Assim que colocou a mão sobre a maçaneta, lembrou-se de que acabara-se sua munição. A pistola sem balas era uma coisa inútil. Torcendo os lábios, resolveu ir até a cozinha da família Winner.
Pegaria uma faca, e acabaria com sua missão. Notara que Duo não ia bem. Ou seja: não poderia conseguir ajuda tão rápido assim, nem mesmo se esconder.
Satisfeita, pegou um enorme facão no amolador. A lâmina daquela arma afiada tinha bem uns 20 cm. Era larga e reluzia, mostrando que era novinha em folha.
- Perfeito.
E Relena sorriu, já antegozando o momento em que cravaria a afiada faca no coração daquele garoto, que a seus olhos era o Mal encarnado e camuflado numa beleza etérea, angelical.
- E então... Heero será meu!
Seu coração psicótico acreditava piamente nisso.
oOo
-Heero!!
Trowa mal pôde acreditar em tamanha sorte. O embaixador japonês estava prestes a cometer o seppuku. O garoto de franja chegara no momento exato de impedir aquela loucura.
O japonês permanecia sentado a moda oriental, com o corpo muito ereto e tenso. A sua frente fora montado um pequeno altar, onde queimavam dois bastões de incenso. No meio dele estava uma magnífica e brilhante katana de cabo verde escuro. Heero trajava um kimono azul e marrom, com o emblema cinza do feudo Toranaga na manga direita.
Os braços permaneciam ao longo do corpo, com as palmas tocando o chão. A expressão era de profunda serenidade. Pelo que entendia da cultura oriental, mais especificadamente da japonesa, Trowa deduziu que Heero estava se preparando para morrer, acalmando seu espírito e seu corpo, para que a transição não influenciasse no karma em sua nova vida.
- Heero, você precisa me ouvir...
O japonês parecia realmente concentrado, quase em transe. Estava mesmo preparando seu espírito e karma. Tentava manter na memória todas as suas últimas experiências. Seu lar, o Japão, casa onde nascera... Duo, sua cara metade e o lar que abrigara seu coração... todas as lições sábias, que aprendera em seu treinamento samurai e as lições de amor, que desvendara nos lábios inocentes. O mar, que o encantara em sua beleza azul profundo, o anjo que surgira em sua vida sem que fosse esperado. A luz do sol, vibrante e quente, oposta a luz da lua, acalentadora e inspiradora. Luz. A luz de Duo! O frio do inverno, nostálgico e desestimulante, tal qual a promessa de uma eternidade sem o americano... formando uma antítese ao calor, os quentes e animadores verões, os olhos vibrantes e raros em tom de ametista, que envolviam e aqueciam.

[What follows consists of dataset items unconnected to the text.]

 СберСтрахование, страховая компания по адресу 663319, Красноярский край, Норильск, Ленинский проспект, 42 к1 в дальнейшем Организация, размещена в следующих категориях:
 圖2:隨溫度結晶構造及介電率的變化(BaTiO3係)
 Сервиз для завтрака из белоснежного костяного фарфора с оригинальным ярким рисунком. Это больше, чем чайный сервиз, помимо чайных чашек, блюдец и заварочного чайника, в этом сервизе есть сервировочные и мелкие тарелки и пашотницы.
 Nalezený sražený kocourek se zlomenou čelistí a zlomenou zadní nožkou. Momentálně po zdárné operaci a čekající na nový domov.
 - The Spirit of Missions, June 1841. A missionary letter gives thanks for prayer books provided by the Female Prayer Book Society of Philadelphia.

Todas as palavras que se agitavam em sua mente, criando um poema de suas emoções, confusas e sem sentido, mas autênticas, sinceras, inquestionáveis...
Finalizaria naquele instante seu 'último tudo'. Não haveria mais nada. Apenas a felicidade de encerrar sua vida, manchada pela desonra da missão em que falhara. Mas podia pensar claramente; pagaria por seu erro, porém morreria satisfeito e acalentado, porque acima do 'último tudo', estava a imagem latente de Duo Maxwell.

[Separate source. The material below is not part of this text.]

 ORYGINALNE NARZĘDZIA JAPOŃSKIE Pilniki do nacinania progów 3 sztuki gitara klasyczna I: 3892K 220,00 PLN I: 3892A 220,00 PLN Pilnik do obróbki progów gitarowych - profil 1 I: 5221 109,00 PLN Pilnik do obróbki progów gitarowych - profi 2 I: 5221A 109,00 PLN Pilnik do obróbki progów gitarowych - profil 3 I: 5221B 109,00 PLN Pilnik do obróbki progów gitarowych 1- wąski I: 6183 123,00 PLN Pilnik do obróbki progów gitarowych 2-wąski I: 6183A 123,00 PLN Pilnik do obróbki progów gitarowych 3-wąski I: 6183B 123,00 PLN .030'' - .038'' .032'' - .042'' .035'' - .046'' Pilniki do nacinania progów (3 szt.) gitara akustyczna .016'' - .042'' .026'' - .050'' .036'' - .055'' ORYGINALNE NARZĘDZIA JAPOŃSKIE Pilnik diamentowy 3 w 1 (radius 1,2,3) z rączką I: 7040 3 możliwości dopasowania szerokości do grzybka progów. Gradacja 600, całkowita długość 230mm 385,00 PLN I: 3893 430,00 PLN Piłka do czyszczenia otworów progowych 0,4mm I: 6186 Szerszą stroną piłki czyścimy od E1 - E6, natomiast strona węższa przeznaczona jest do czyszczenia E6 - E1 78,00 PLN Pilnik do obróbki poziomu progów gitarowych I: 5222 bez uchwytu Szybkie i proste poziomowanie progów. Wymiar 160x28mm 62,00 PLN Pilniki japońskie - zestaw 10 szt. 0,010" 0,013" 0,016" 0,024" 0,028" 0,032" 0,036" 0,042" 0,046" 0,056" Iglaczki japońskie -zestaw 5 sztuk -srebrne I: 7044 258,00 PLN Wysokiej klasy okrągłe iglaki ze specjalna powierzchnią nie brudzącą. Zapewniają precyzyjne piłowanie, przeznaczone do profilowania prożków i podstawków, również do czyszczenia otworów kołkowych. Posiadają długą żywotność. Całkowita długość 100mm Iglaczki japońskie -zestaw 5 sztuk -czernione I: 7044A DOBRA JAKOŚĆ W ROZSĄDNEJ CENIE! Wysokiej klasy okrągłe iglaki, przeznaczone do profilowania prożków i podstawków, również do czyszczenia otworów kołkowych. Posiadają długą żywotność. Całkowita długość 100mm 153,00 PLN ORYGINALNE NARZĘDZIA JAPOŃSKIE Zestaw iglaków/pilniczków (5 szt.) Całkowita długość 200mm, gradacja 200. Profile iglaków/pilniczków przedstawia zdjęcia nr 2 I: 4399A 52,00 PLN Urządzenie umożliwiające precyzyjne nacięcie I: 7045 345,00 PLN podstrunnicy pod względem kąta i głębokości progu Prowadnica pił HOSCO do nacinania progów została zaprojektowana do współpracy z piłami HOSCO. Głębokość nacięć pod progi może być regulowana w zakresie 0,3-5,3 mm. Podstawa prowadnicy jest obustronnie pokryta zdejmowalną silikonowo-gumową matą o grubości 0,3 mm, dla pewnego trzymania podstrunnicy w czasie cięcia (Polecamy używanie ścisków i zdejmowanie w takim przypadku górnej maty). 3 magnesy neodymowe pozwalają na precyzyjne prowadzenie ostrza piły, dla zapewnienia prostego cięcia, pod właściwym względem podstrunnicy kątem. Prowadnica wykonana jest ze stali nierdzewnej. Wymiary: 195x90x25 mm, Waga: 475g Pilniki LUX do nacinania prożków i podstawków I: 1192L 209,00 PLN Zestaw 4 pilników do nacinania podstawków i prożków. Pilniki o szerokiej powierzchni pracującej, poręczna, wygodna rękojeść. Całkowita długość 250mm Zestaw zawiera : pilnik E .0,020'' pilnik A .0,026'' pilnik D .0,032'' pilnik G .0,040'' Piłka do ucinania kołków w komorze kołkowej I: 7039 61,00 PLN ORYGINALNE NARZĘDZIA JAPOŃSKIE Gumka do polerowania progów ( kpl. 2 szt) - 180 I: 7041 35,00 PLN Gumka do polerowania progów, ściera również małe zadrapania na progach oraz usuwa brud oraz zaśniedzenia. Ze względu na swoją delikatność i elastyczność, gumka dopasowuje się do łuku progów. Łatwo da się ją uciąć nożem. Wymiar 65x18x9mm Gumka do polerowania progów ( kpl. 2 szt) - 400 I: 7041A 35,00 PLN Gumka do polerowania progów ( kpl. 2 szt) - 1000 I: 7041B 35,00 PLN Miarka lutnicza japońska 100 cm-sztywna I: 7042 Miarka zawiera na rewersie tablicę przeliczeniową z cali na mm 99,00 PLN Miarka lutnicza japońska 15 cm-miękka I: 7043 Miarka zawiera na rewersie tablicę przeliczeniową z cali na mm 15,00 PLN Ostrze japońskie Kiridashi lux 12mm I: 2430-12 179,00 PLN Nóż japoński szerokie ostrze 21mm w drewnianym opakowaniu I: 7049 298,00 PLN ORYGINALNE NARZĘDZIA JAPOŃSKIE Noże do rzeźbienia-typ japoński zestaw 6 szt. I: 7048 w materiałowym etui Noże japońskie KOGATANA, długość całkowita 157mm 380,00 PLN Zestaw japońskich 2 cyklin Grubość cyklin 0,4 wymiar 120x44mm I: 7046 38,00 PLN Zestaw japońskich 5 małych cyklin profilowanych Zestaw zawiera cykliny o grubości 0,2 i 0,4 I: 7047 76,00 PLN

Só isso bastava para acalmar sua alma, e seus instintos, e saber que seu karma para a próxima vida seria leve de carregar, e quem sabe... quem sabe, se Deus, Buda, Kami sama, ou quem quer que fosse a Criatura Sublime; permitisse, pudesse se encontrar com Duo, em uma nova encarnação.

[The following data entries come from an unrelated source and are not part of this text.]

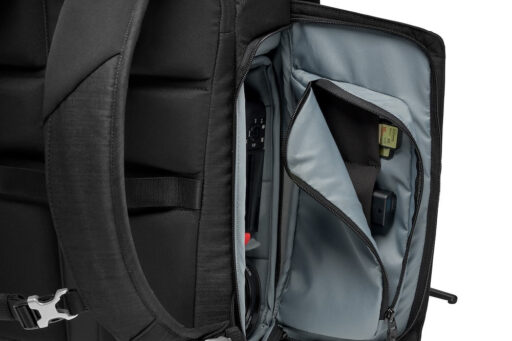 Dla zapewnienia spokoju i bezpieczeństwa plecak posiada system ochrony Manfrotto Slim-Tech Protection, który gwarantuje ochronę sprzętu przed wstrząsami. Uchwyt statywu z przodu plecaka pozwala na posiadanie zawsze przy sobie statywu podróżnego, przymocowanego w jednej z 3 różnych konfiguracji w zależności od potrzeb i wielkości statywu.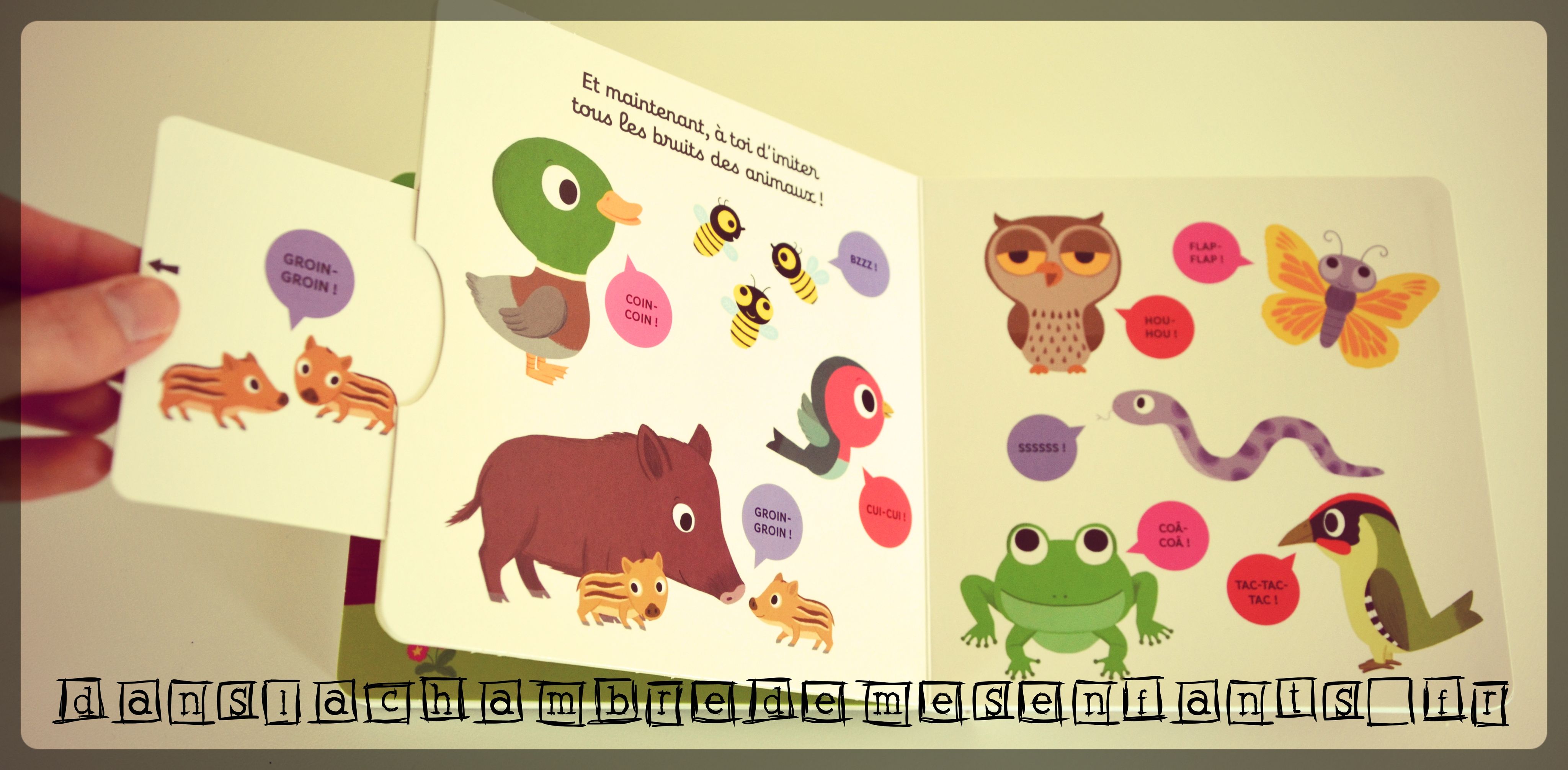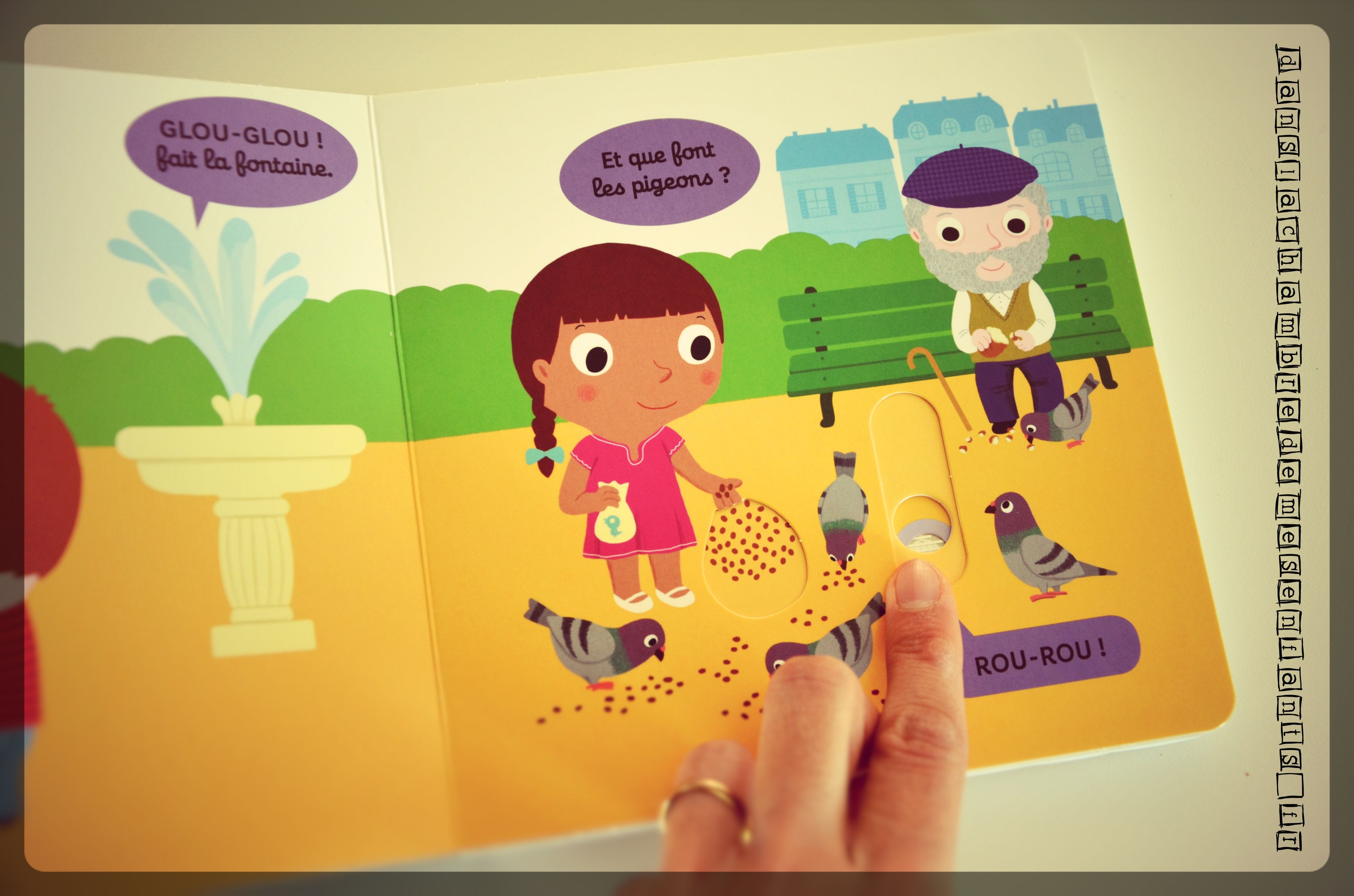 Cette collection est, pour moi, incontournable et sa nouvelle version est pertinente. Les enfants sauront l’apprécier à partir de 9 mois et découvrir ici des animaux de la forêt (canard, pivert…) et la ville (pigeons, sonnette du vélo…).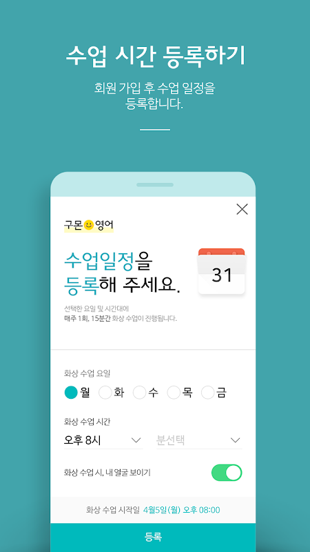 앱 실행 → 회원가입을 진행 후 로그인 → 일정 등록을 통해 학습 가능한 요일, 시간대 선택

E aí sim, talvez, ficassem juntos.
Então, quando se julgara pronto para abdicar de sua própria vida, quando sua consciência atingira um patamar acima da compreensão desse mundo... Trowa Barton entrara precipitadamente em seu quarto, e destruíra o equilíbrio perfeito... alcançado apenas pela meditação absoluta!
Totalmente furioso, Heero abriu os olhos e fitou o tradutor com ira fria e devastadora, a ponto tal, que fez Trowa recuar um passo.
- O que pensa que está fazendo, Barton?
A pergunta foi feita em tom baixo e ameaçador. Trowa conhecia a cultura japonesa bem o bastante, para saber que a partir daquele momento, sua vida não valia um iene furado. A interrupção de um seppuku dava o direito total sobre a vida do intruso, e se Heero quisesse, poderia eliminar Trowa antes de continuar com o suicídio...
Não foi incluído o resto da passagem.